● **Requirement**
Only the lines from the one containing "工信复决字[2017]第27号我部行政复" to the end of the data should be copied, exactly and without pictures.

● **Exercise data**
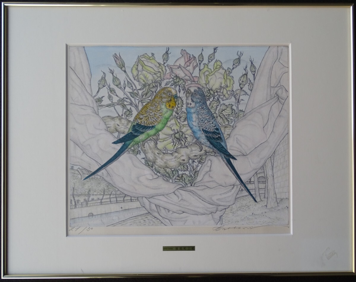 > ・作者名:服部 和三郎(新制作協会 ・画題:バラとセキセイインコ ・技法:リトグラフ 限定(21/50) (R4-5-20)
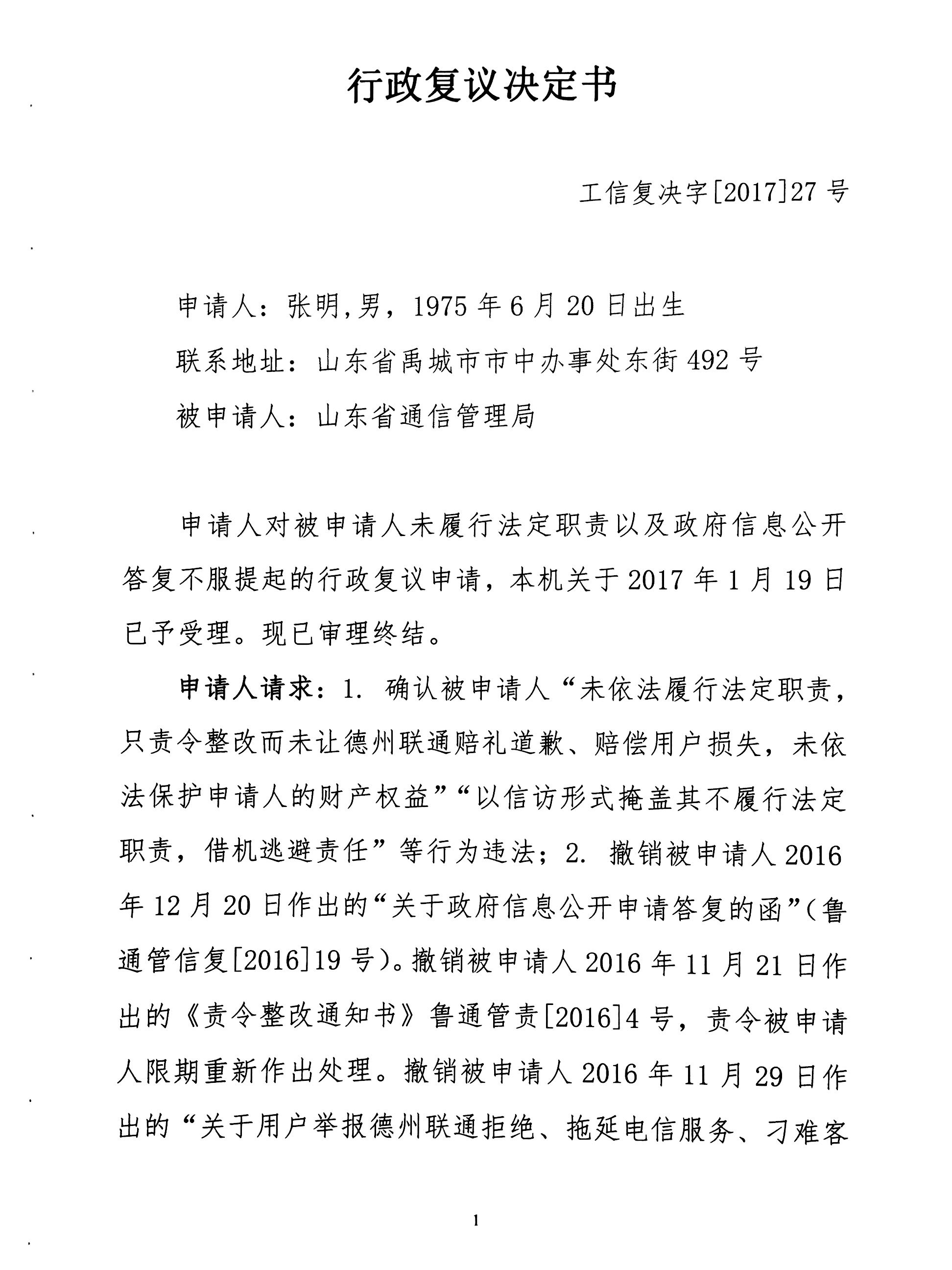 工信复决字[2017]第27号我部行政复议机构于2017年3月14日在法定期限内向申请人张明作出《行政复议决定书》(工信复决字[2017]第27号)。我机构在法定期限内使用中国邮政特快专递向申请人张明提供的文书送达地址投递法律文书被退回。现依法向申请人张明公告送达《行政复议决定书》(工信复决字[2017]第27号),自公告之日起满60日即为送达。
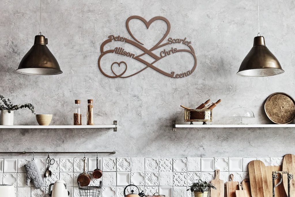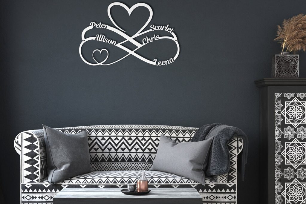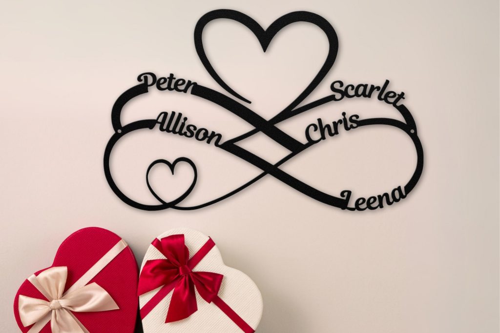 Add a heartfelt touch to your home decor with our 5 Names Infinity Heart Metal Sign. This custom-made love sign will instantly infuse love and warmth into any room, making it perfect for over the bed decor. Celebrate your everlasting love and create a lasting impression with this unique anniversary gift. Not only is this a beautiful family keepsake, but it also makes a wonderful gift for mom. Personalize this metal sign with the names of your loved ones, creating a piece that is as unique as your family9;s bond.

● **Result for this exercise**
 工信复决字[2017]第27号我部行政复议机构于2017年3月14日在法定期限内向申请人张明作出《行政复议决定书》(工信复决字[2017]第27号)。我机构在法定期限内使用中国邮政特快专递向申请人张明提供的文书送达地址投递法律文书被退回。现依法向申请人张明公告送达《行政复议决定书》(工信复决字[2017]第27号),自公告之日起满60日即为送达。
 Add a heartfelt touch to your home decor with our 5 Names Infinity Heart Metal Sign. This custom-made love sign will instantly infuse love and warmth into any room, making it perfect for over the bed decor. Celebrate your everlasting love and create a lasting impression with this unique anniversary gift. Not only is this a beautiful family keepsake, but it also makes a wonderful gift for mom. Personalize this metal sign with the names of your loved ones, creating a piece that is as unique as your family9;s bond.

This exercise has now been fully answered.